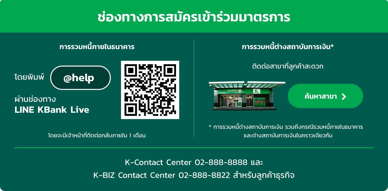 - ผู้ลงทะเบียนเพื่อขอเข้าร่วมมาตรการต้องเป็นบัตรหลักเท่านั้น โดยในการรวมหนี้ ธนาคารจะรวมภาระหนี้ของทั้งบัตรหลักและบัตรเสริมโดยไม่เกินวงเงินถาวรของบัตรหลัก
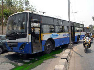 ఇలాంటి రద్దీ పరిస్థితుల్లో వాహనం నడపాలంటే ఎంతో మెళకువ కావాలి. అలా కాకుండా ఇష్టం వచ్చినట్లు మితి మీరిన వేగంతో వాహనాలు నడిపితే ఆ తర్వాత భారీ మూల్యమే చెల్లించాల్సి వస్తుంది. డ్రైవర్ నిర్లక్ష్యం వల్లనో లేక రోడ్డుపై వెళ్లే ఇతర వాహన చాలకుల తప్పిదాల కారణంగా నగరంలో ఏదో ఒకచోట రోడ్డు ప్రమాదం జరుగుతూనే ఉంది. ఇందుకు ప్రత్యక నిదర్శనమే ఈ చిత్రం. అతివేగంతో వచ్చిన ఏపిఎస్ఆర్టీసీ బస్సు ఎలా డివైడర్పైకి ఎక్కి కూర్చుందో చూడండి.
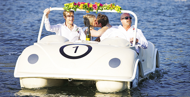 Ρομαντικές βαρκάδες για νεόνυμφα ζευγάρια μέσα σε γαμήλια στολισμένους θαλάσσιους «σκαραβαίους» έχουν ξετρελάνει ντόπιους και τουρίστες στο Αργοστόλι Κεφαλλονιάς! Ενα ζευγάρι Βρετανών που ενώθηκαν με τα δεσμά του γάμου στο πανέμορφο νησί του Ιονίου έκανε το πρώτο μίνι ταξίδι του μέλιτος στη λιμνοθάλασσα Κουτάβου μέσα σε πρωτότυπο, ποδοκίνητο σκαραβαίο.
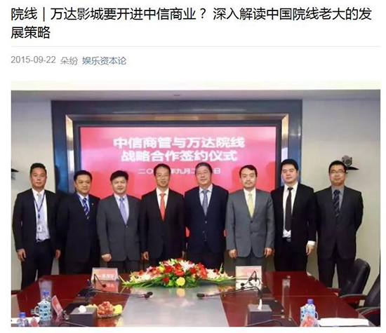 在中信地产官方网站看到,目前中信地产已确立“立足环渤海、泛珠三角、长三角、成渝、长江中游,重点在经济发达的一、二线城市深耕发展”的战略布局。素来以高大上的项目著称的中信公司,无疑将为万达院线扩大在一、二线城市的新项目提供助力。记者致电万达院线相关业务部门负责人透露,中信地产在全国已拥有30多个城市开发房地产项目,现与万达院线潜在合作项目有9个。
··········
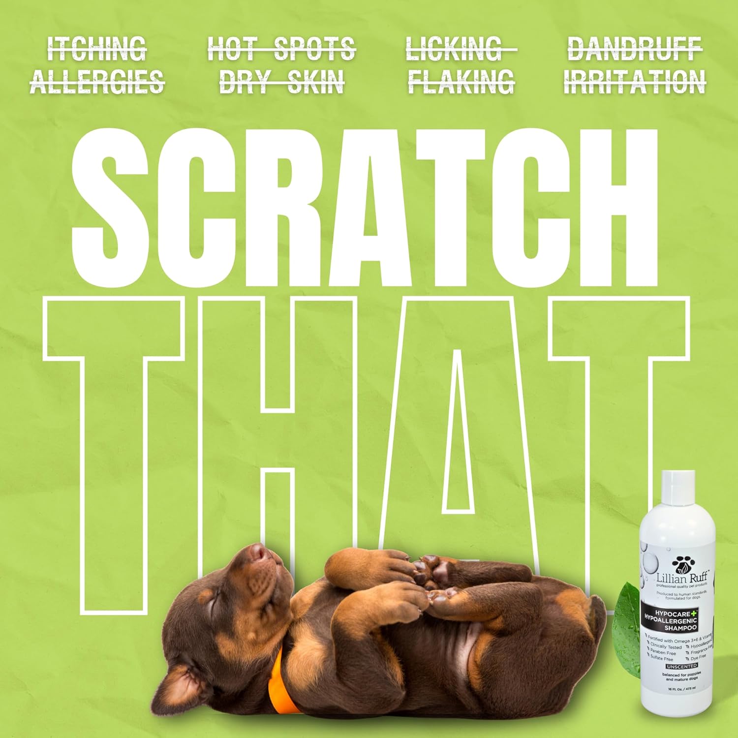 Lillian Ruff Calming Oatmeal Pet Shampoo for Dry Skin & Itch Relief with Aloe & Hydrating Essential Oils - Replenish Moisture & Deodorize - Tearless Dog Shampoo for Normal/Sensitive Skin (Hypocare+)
··········
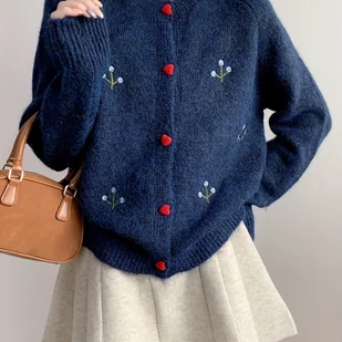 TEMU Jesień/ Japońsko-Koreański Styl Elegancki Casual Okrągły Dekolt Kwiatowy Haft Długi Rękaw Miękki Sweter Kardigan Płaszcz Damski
··········
### WHAT THE TASK ASKS
Copy exactly the lines of the entries above from the one containing "ఇలాంటి రద్దీ పరిస్థితుల్లో" through the one containing "在中信地产官方网站看到,目前". Both end lines count; pictures do not.

### ANSWER SECTION
 ఇలాంటి రద్దీ పరిస్థితుల్లో వాహనం నడపాలంటే ఎంతో మెళకువ కావాలి. అలా కాకుండా ఇష్టం వచ్చినట్లు మితి మీరిన వేగంతో వాహనాలు నడిపితే ఆ తర్వాత భారీ మూల్యమే చెల్లించాల్సి వస్తుంది. డ్రైవర్ నిర్లక్ష్యం వల్లనో లేక రోడ్డుపై వెళ్లే ఇతర వాహన చాలకుల తప్పిదాల కారణంగా నగరంలో ఏదో ఒకచోట రోడ్డు ప్రమాదం జరుగుతూనే ఉంది. ఇందుకు ప్రత్యక నిదర్శనమే ఈ చిత్రం. అతివేగంతో వచ్చిన ఏపిఎస్ఆర్టీసీ బస్సు ఎలా డివైడర్పైకి ఎక్కి కూర్చుందో చూడండి.
 Ρομαντικές βαρκάδες για νεόνυμφα ζευγάρια μέσα σε γαμήλια στολισμένους θαλάσσιους «σκαραβαίους» έχουν ξετρελάνει ντόπιους και τουρίστες στο Αργοστόλι Κεφαλλονιάς! Ενα ζευγάρι Βρετανών που ενώθηκαν με τα δεσμά του γάμου στο πανέμορφο νησί του Ιονίου έκανε το πρώτο μίνι ταξίδι του μέλιτος στη λιμνοθάλασσα Κουτάβου μέσα σε πρωτότυπο, ποδοκίνητο σκαραβαίο.
 在中信地产官方网站看到,目前中信地产已确立“立足环渤海、泛珠三角、长三角、成渝、长江中游,重点在经济发达的一、二线城市深耕发展”的战略布局。素来以高大上的项目著称的中信公司,无疑将为万达院线扩大在一、二线城市的新项目提供助力。记者致电万达院线相关业务部门负责人透露,中信地产在全国已拥有30多个城市开发房地产项目,现与万达院线潜在合作项目有9个。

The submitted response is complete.